What to work on: Return only the lines below starting at the line containing "The moon will" and ending at the line containing "北京时间2025年5月14日", both included, exactly as they are and with no pictures.

#####

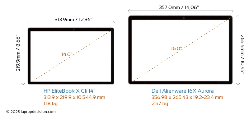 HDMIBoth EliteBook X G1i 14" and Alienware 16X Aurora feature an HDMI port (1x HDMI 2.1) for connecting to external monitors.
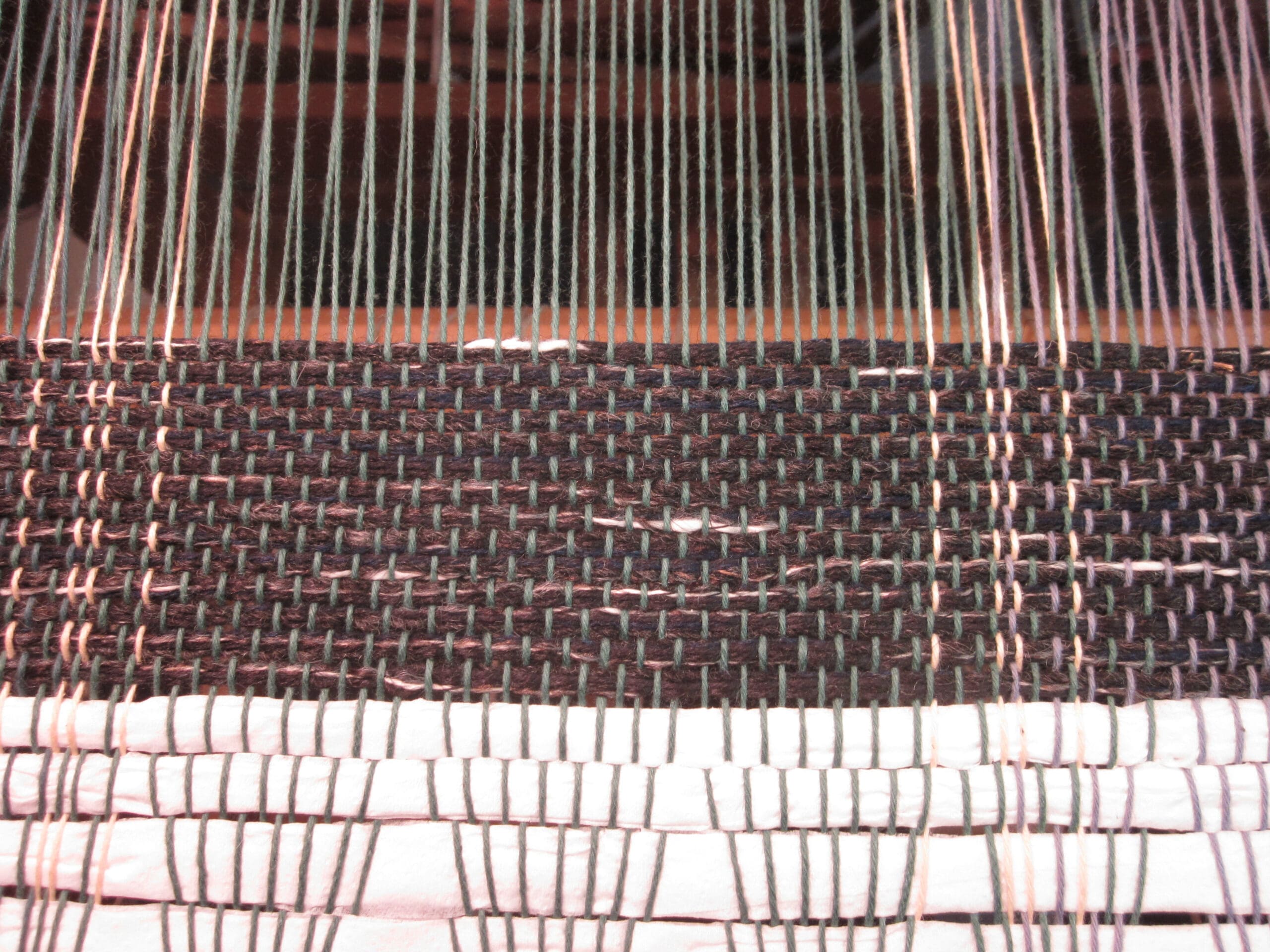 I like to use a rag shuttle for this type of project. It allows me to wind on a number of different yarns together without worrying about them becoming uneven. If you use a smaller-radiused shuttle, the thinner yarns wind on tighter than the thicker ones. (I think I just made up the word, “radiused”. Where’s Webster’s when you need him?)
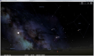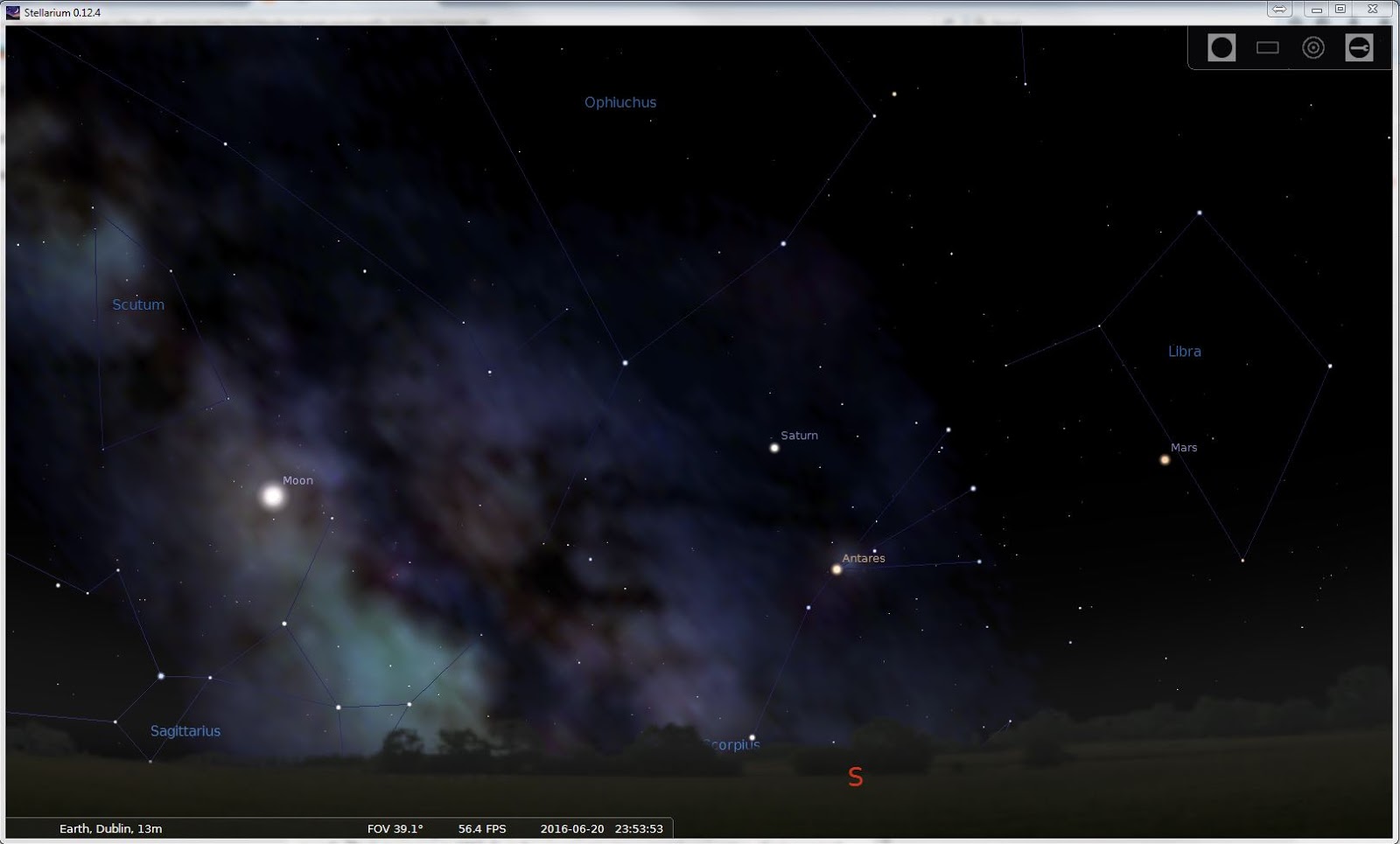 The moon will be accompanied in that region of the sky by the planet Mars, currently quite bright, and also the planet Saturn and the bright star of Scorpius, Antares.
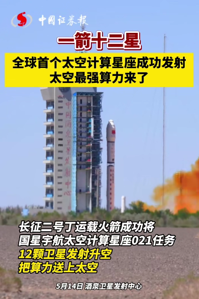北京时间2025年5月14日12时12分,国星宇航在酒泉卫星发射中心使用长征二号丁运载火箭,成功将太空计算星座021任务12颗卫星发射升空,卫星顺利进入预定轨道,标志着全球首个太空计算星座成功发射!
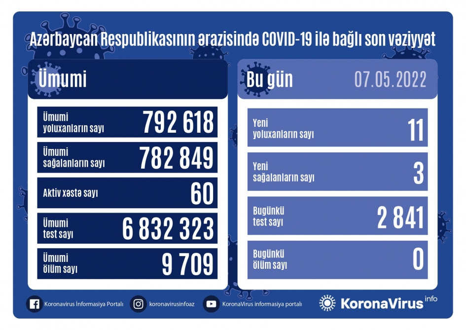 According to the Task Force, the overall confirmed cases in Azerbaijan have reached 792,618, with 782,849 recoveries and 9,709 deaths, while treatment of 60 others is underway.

#####

Solution for this task:
 The moon will be accompanied in that region of the sky by the planet Mars, currently quite bright, and also the planet Saturn and the bright star of Scorpius, Antares.
北京时间2025年5月14日12时12分,国星宇航在酒泉卫星发射中心使用长征二号丁运载火箭,成功将太空计算星座021任务12颗卫星发射升空,卫星顺利进入预定轨道,标志着全球首个太空计算星座成功发射!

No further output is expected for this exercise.